Giving LLMs Psychedelics

Most research towards LLM interpretability is trying to get them more consistent / low variance. But what if we want our LLMs to actually be good at brainstorming and higher variance?

One of the main failures of agent swarms today empirically is that LLMs don't come up with more ideas when you throw 1k LLM agents at a problem, even with different system prompts. But, we know that 1k people would have a ton of different ideas. The variance in behavior is obviously much much higher in people.

What if we want the Beatles or Steve Jobs LLMs, not the robot? Temperature only fixes this at output logits time, but the novel ideas are compressed away to 0 in the weights at that point.

Some psychedelic inference time LLM manipulation ideas

(Claude told me no one has tried most of these[?])

1. Super Subconscious

Psychedelics cause thalamic gating collapse, allowing more ideas to go from the subconscious to the conscious brain.

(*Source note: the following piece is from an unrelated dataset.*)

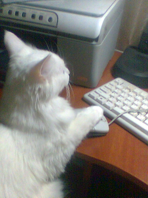 У меня белая ангорская вреднющая кошка, только фотки нет, жаль
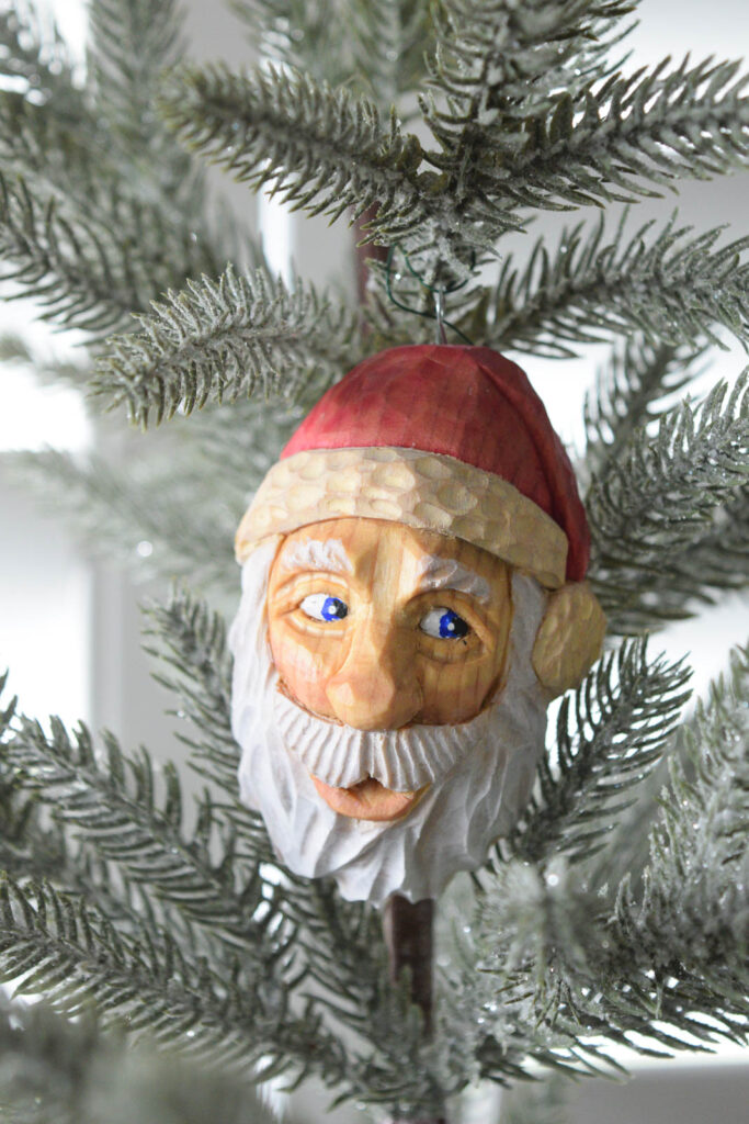 This Santa Claus tree is deeply meaningful to me. It’s a representation of the woodworking tradition on my dad’s side of the family. My grandpa was an incredible woodworker and a lover of Christmas. He started carving later in life, and he usually chose to carve Santas. Sharing his love of Christmas, I would fawn all over his creations when we went to visit. So every year, he started carving me (and other members of the family) an original Santa Claus.

The equivalent is an inverted DoLa layer — Chuang et al. (2024); Banerjee et al. (2025) showed that Decoding by Contrasting Layers at inference time suppresses divergent signal. Reversing would preserve more thoughts from the earlier layers that get forcibly suppressed by later layers.

2. Idea Connector

Psychedelics cause hyperassociative thinking which increases semantic network activation. So thinking "dog" would also make you think "evolution from wolves, loyalty", instead of just "fur, pet".

The equivalent is feed forward network gate widening. Research in the gate activations area is entirely in the opposite direction, trying to activate more sparsely so the network can get faster. But what if we want to make these weird (and usually irrelevant) connections between thoughts?

3. Dreamy

Psychedelics increase neural entropy at higher cortical layers, causing variance in thinking about abstract beliefs and habits.

The equivalent would be to make some noise vectors in some of the middle layers of the LLM, human evaluate which ones make the model more of a vibe. Cluster noise patterns to make moods & reuse.

4. No Priors

Psychedelics reduce the brain's confidence in its "dominant high-level beliefs"; reduced belief in priors (REBUS).

Dampening the weights in the later attention layers to get the model back closer to a word association model and less chatbot. Some experiments have tried blending RLHF weights w/ base model weights to "recover lost capabilities", but this would be a layer by layer tune to try and increase "novelty".

Should I try some of these out? Should only be a grand or 2 on a 70b model.